Wednesday 27 July 2011

rhs tatton park


An almost final, overwhelming week in teaching came to an end and thankfully, the Royal Horticultural Society flower show at Tatton Park in Cheshire proved an excellent antidote to the powerful emotions I had been feeling.

Despite having made declarations that we would not buy anything, came back with a fully loaded car!!

This lemon leucanthemum x superbum 'Broadway Lights' was one of my 'stars of the show' and two plants came home. Our beautiful native ox-eye daisies (leucanthemum vulgarae) are free flowering meadow plants that thrive locally and I hope to be able to introduce them to the meadow area as it develops. This showier cultivated cousin should flourish in the conditions that ox-eyes like. We hope to divide them and multiply their number at the allotment before finding a place in our new garden for them. In a large group (possibly planted against a contrasting, darker foliage plant) they will have a big, late summer impact. The newly opened flowers have this lovely pale citrus colour but then fade to a yellow white giving an interesting range of flower colours in one plant.


The flowering cyclamen hederofolium looked lovely in pots and we were further inspired to create our own small containers back at home.
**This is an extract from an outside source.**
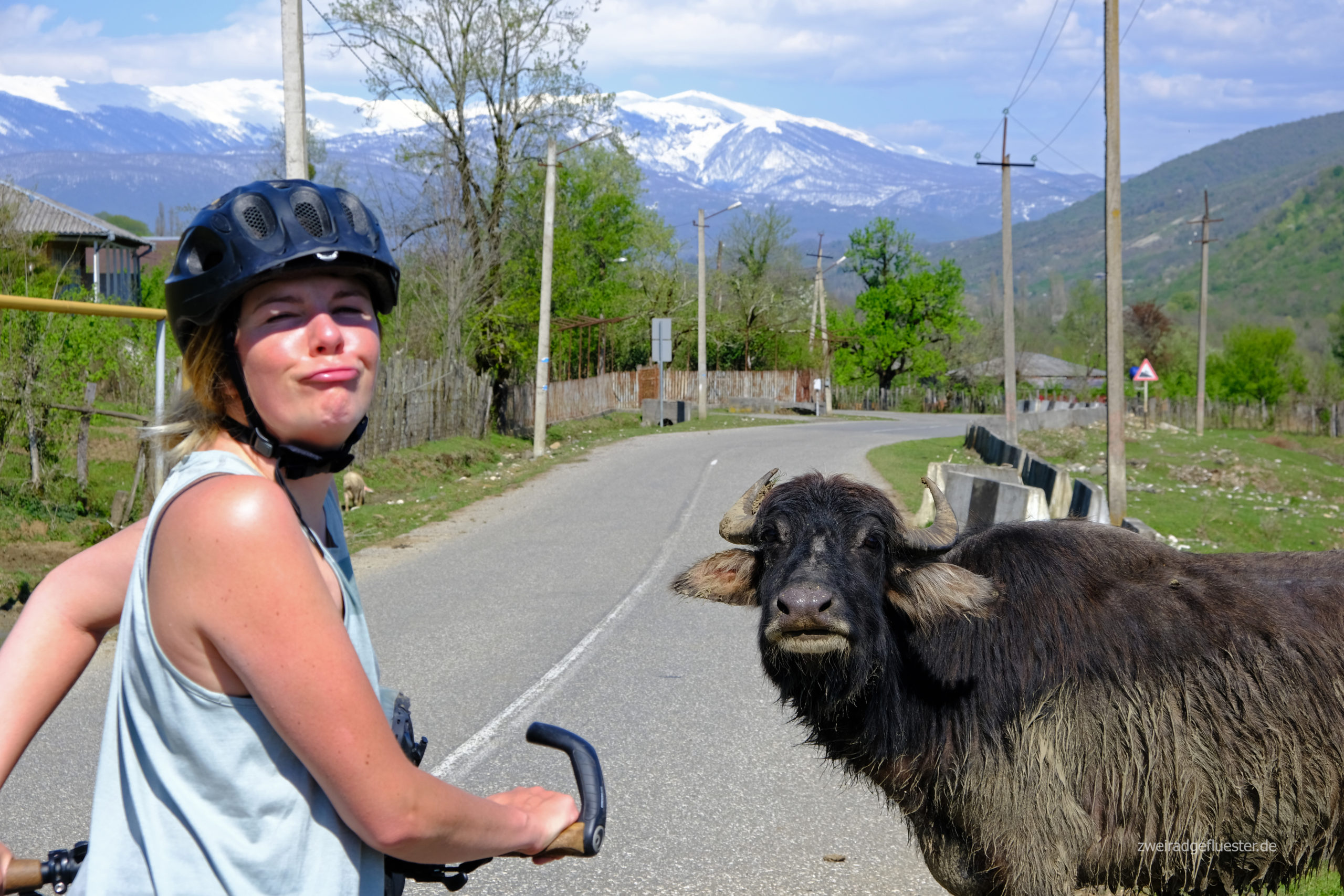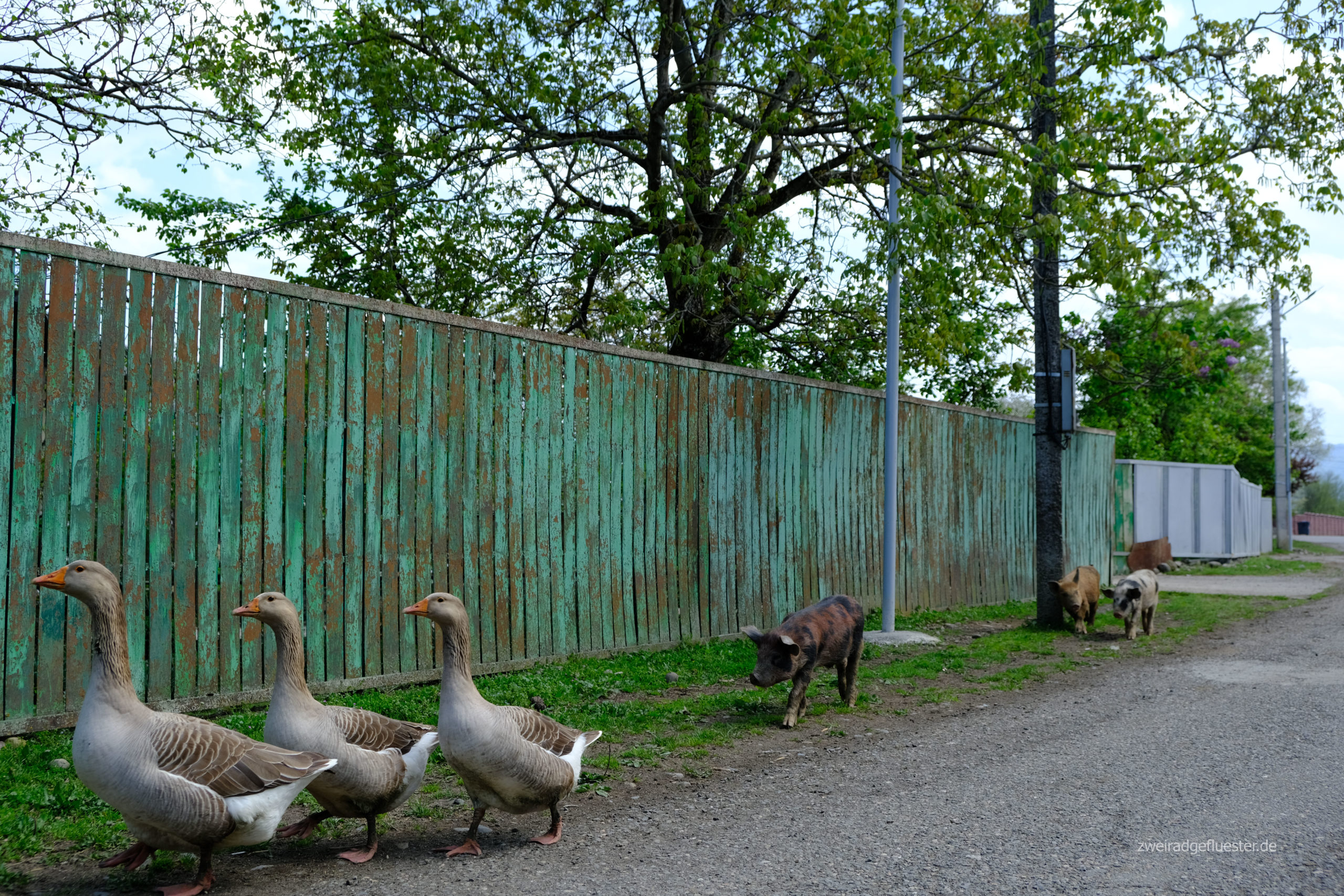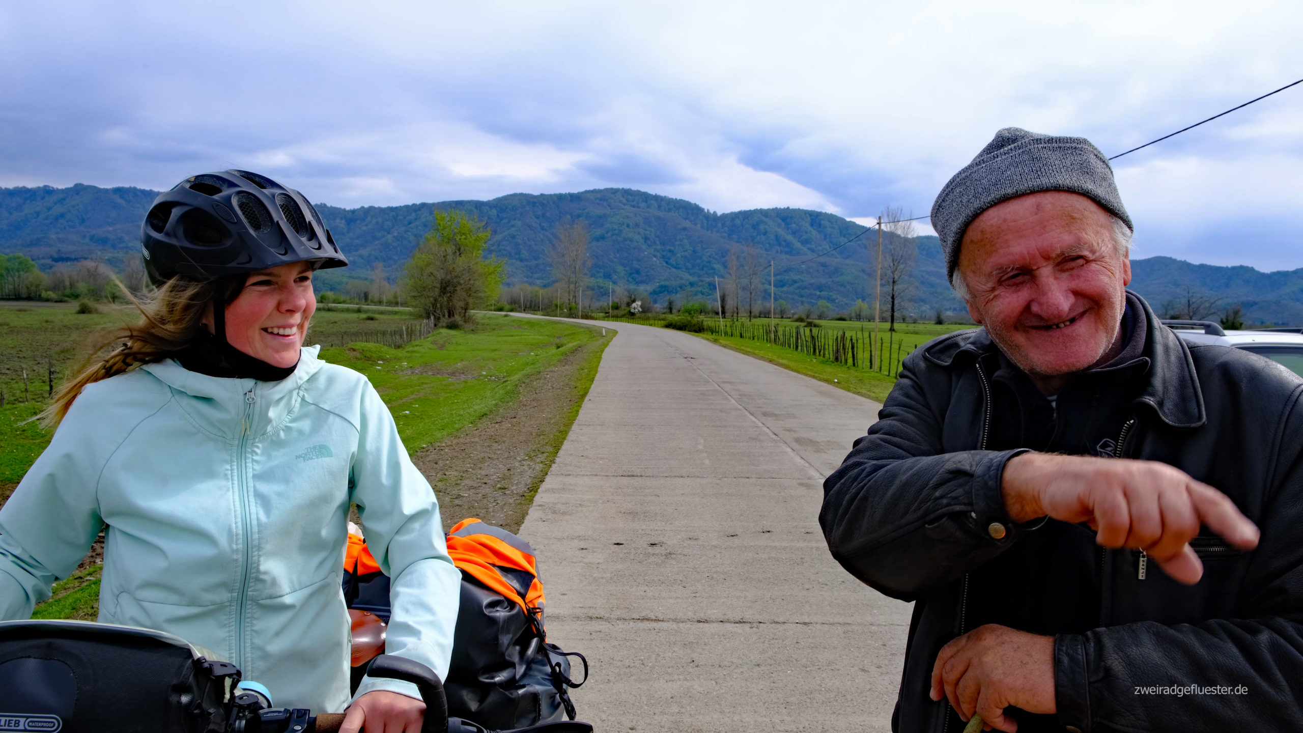 Wir radeln über kleine Straßen durch kleine Dörfer oder Siedlungen. Die Georgier:innen begegnen uns stets mit einer freudig grüßenden, herzlich lächelnden Offenheit. Sollten wir mal kurz stehen bleiben und nach dem Weg schauen, kommen direkt ein, zwei Leute herbei und wollen uns weiterhelfen. Doch das wir uns für kleine Wege und nicht für die stark befahrene Bundesstraße interessieren, stößt bei den Meisten auf Unverständnis. Nach anfänglichen Erklärversuchen sind wir schließlich dazu übergegangen, bei der Frage wohin wir wollen, einfach das nächste Dorf zu nennen, was man nur über die kleinen Straßen erreichen kann. Sollten wir uns doch mal bei der Ortschaft vertan haben und diese über die Bundesstraße besser zu erreichen sein, wird uns heftig kopfschüttelnd, die Arme verkreuzend von dem Weg abgeraten. Wir atmen dann kurz durch, trinken einen Schluck, warten bis das Auto um die Ecke gefahren ist und radeln weiter.

C. hederofolium was abundant in dappled shade under the crab apple tree in our old garden and looked almost as good as these seen in their pots at the show.

 Also captivating and excellent subjects for pots were the hostas: there are now so many forms of the plantain lily and it is little surprise that they have become so fashionable. Planted together, their contrasting leaf colours, sizes, shapes and habits created a memerising effect on the dedicated stands for father and daughter and meant we spent too much of our limited time admiring these and not getting around the huge show and all its other delights! Here hosta 'Hands up' shows its erect foliage.